To Heal as Jesus Healed:
Implications of John Dominic Crossan's Research
for the Self-Understanding of Catholic Health Care Sponsors

Jan C. Heller, Ph.D.
Office of Ethics and Theology
Providence Health System, Seattle

 

Historically, Catholic health care in the United States has been founded and sponsored largely by orders of men and women religious to treat those too poor or vulnerable to find care elsewhere. It was supported mainly by the individual and collective sacrifices of the sponsors themselves, and by their institutionalized philanthropic efforts in the communities they served.

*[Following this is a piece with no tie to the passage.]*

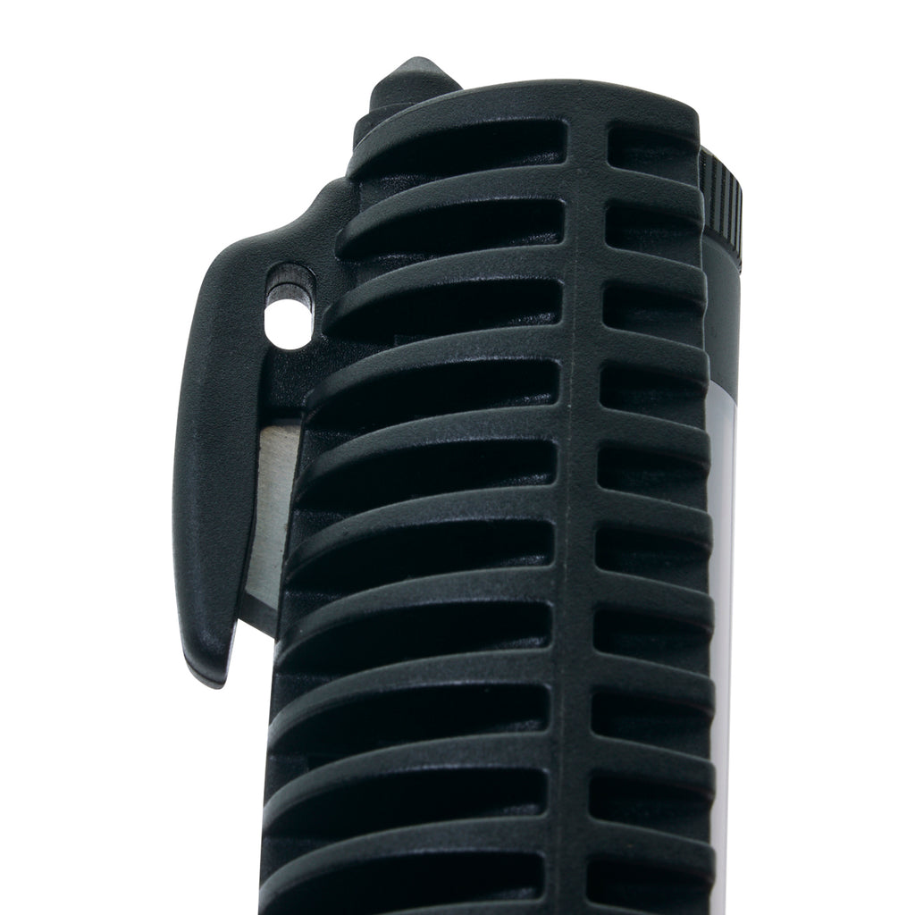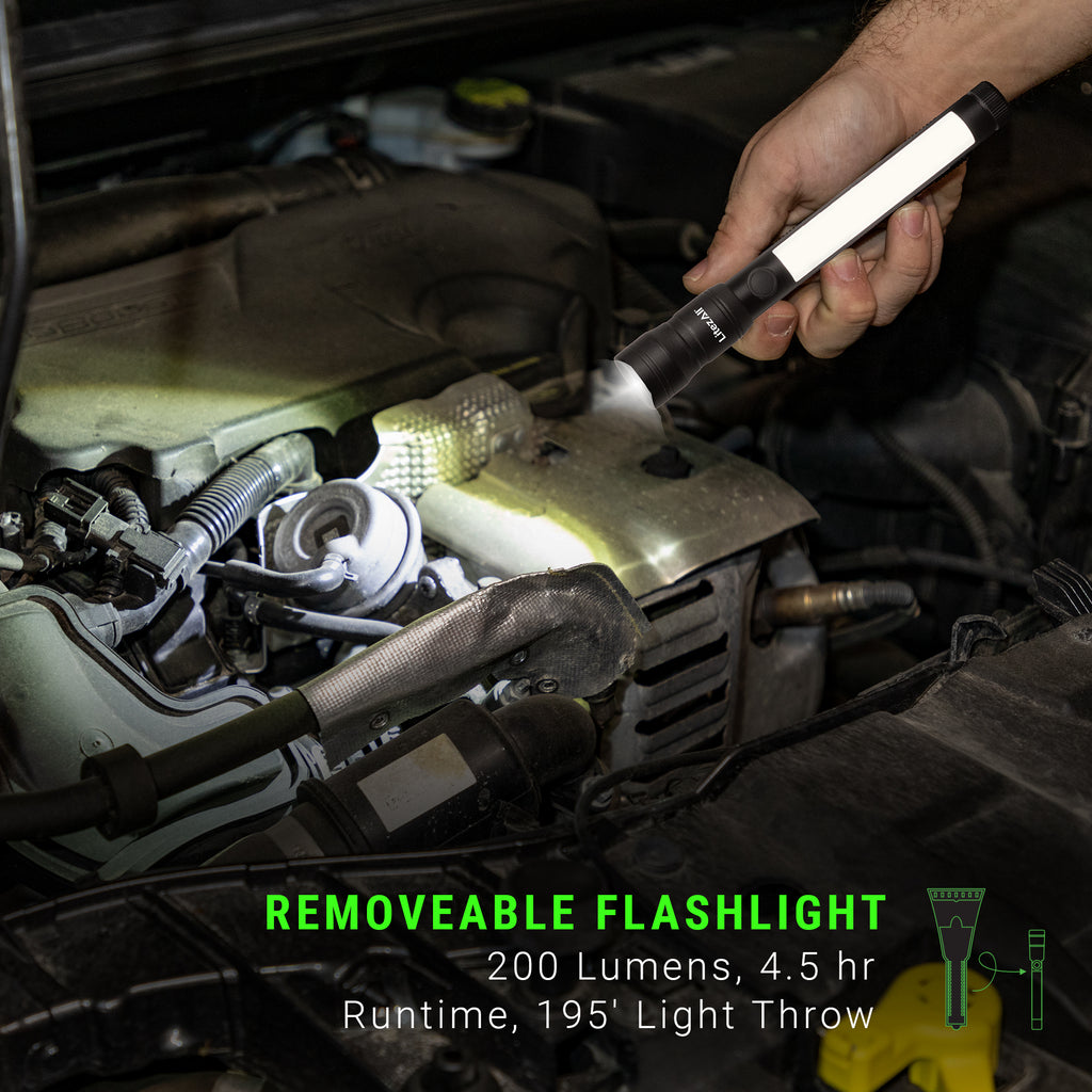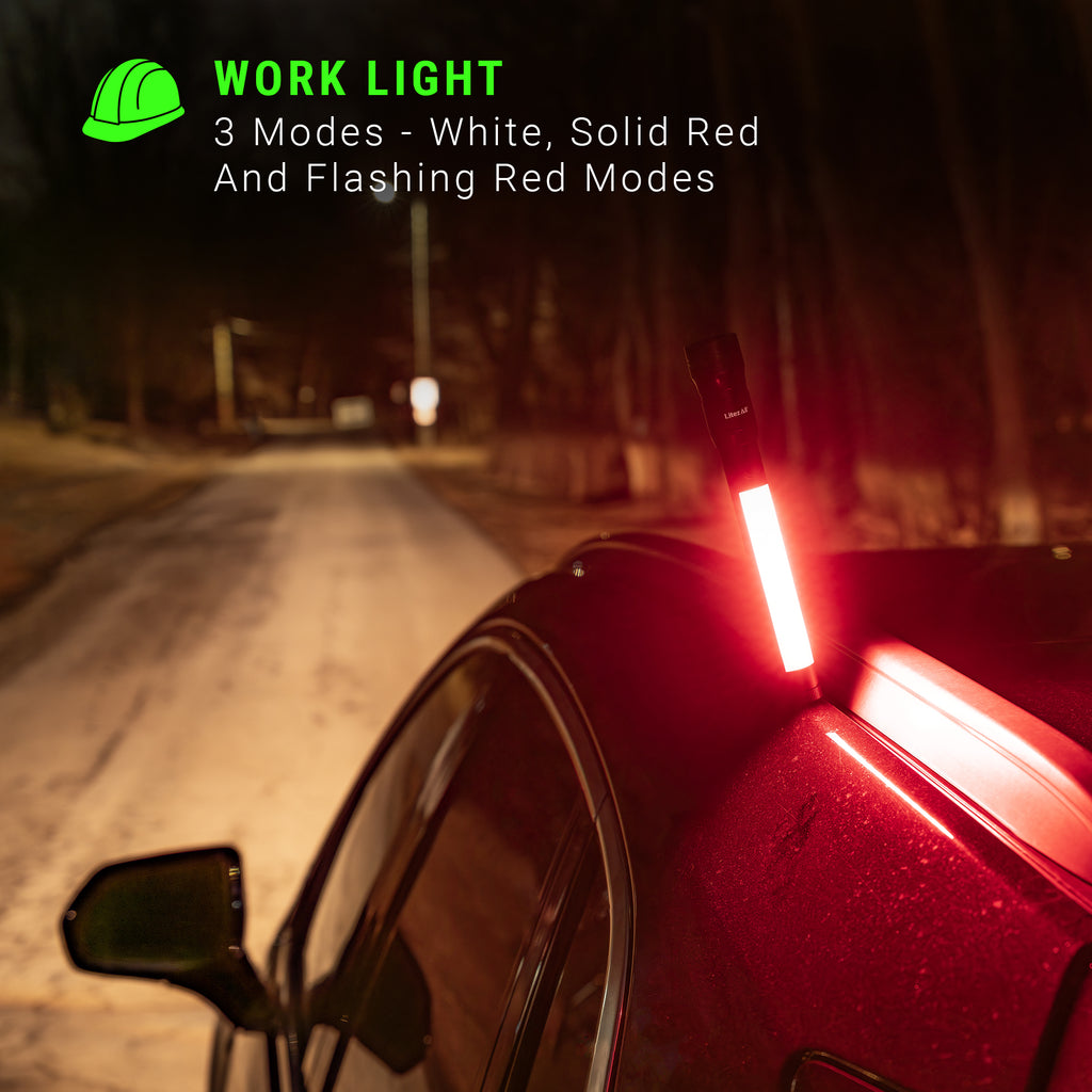 The utility flashlight features a 200 lumen front facing flashlight plus a 200 lumen side mounted light with white, solid red, and flashing red light modes.

More recently, however, Catholic health care--like much of health care in the US--has been transformed into an extremely complex bureaucratic institution that is now a multi-billion dollar, capital-intensive, customer-driven enterprise funded mainly by tax-exempt bonds and government insurance programs. And yet, the sponsors of these organizations continue sincerely to understand themselves as continuing the healing ministry of Jesus. This paper uses the findings of one well-known representative of recent historical Jesus research, John Dominic Crossan, 1) to summarize what we know about how and why Jesus healed and 2) to explore some the possible implications of this summary for the self-understanding of the sponsors of Catholic health care. I will argue that the use of healing by Jesus as a strategy to display and address the social inequities of his society is, in fact, still animating the sponsors of Catholic health care today, but that his vision of "egalitarian commensality" is difficult even to imagine under current institutional configurations and funding pressures.